**** EXERCISE MATERIAL
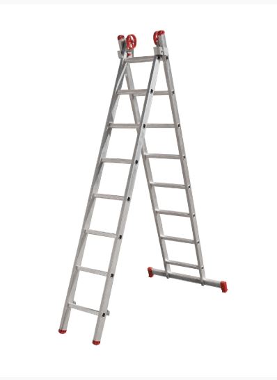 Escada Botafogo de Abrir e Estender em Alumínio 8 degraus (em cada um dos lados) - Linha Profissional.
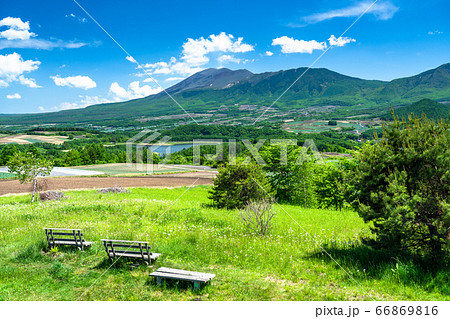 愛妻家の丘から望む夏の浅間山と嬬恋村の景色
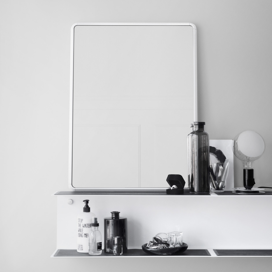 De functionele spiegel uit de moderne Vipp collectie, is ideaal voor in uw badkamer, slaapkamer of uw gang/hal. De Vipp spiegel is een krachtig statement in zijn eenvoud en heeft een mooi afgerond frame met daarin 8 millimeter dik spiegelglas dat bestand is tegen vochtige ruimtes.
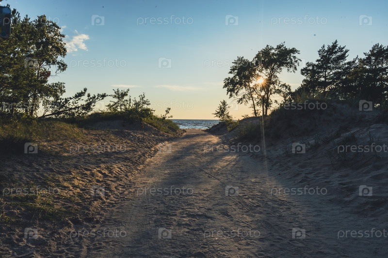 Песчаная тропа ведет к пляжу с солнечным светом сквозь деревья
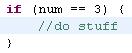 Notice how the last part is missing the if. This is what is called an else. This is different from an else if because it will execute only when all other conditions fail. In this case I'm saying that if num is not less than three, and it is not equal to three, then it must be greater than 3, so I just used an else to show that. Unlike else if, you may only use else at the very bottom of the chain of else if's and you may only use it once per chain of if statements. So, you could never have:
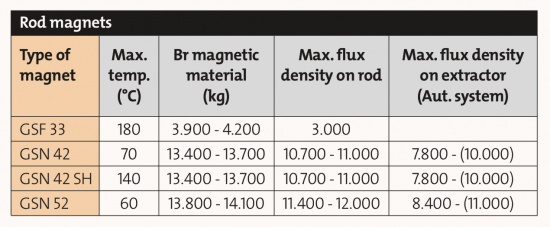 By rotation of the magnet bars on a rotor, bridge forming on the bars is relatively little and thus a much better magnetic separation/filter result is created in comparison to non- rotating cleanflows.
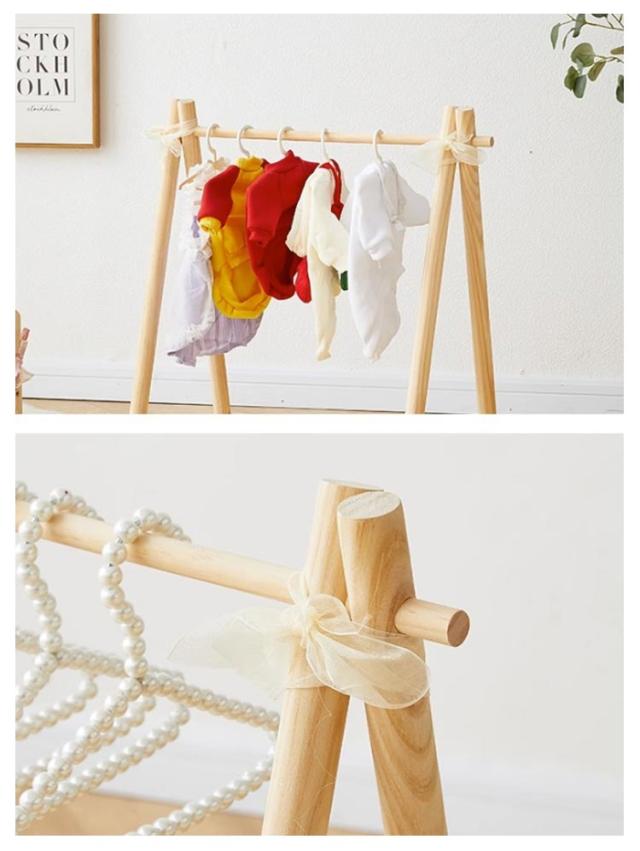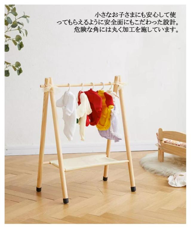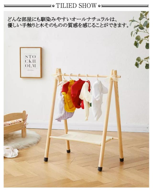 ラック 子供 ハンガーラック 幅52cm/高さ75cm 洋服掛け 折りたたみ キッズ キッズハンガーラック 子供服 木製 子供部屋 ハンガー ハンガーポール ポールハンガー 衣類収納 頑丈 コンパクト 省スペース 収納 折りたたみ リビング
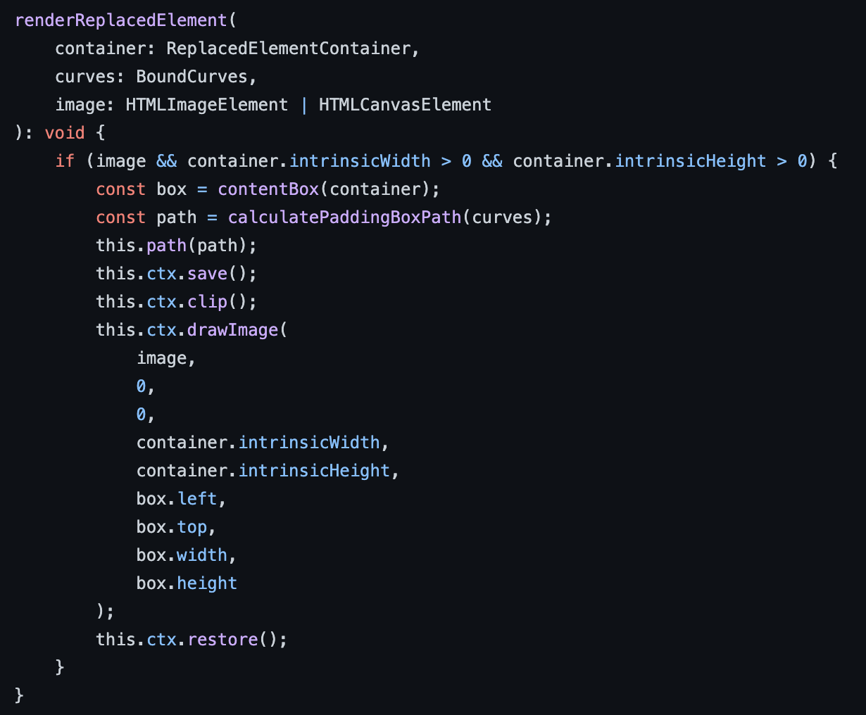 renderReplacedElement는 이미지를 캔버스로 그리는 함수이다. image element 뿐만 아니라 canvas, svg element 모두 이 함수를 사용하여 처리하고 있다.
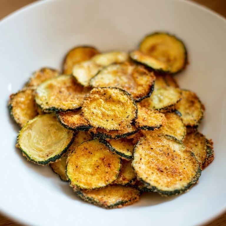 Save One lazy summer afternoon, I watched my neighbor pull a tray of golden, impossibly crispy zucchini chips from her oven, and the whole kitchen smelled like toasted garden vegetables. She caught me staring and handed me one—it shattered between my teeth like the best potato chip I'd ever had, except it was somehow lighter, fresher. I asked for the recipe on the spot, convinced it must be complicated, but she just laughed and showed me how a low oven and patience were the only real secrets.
********
**WORK TO BE COMPLETED**
Print each entry precisely as written; the pictures stay out.

**YOUR RESPONSE**
 Escada Botafogo de Abrir e Estender em Alumínio 8 degraus (em cada um dos lados) - Linha Profissional.
 愛妻家の丘から望む夏の浅間山と嬬恋村の景色
 De functionele spiegel uit de moderne Vipp collectie, is ideaal voor in uw badkamer, slaapkamer of uw gang/hal. De Vipp spiegel is een krachtig statement in zijn eenvoud en heeft een mooi afgerond frame met daarin 8 millimeter dik spiegelglas dat bestand is tegen vochtige ruimtes.
 Песчаная тропа ведет к пляжу с солнечным светом сквозь деревья
 Notice how the last part is missing the if. This is what is called an else. This is different from an else if because it will execute only when all other conditions fail. In this case I'm saying that if num is not less than three, and it is not equal to three, then it must be greater than 3, so I just used an else to show that. Unlike else if, you may only use else at the very bottom of the chain of else if's and you may only use it once per chain of if statements. So, you could never have:
 By rotation of the magnet bars on a rotor, bridge forming on the bars is relatively little and thus a much better magnetic separation/filter result is created in comparison to non- rotating cleanflows.
 ラック 子供 ハンガーラック 幅52cm/高さ75cm 洋服掛け 折りたたみ キッズ キッズハンガーラック 子供服 木製 子供部屋 ハンガー ハンガーポール ポールハンガー 衣類収納 頑丈 コンパクト 省スペース 収納 折りたたみ リビング
 renderReplacedElement는 이미지를 캔버스로 그리는 함수이다. image element 뿐만 아니라 canvas, svg element 모두 이 함수를 사용하여 처리하고 있다.
 Save One lazy summer afternoon, I watched my neighbor pull a tray of golden, impossibly crispy zucchini chips from her oven, and the whole kitchen smelled like toasted garden vegetables. She caught me staring and handed me one—it shattered between my teeth like the best potato chip I'd ever had, except it was somehow lighter, fresher. I asked for the recipe on the spot, convinced it must be complicated, but she just laughed and showed me how a low oven and patience were the only real secrets.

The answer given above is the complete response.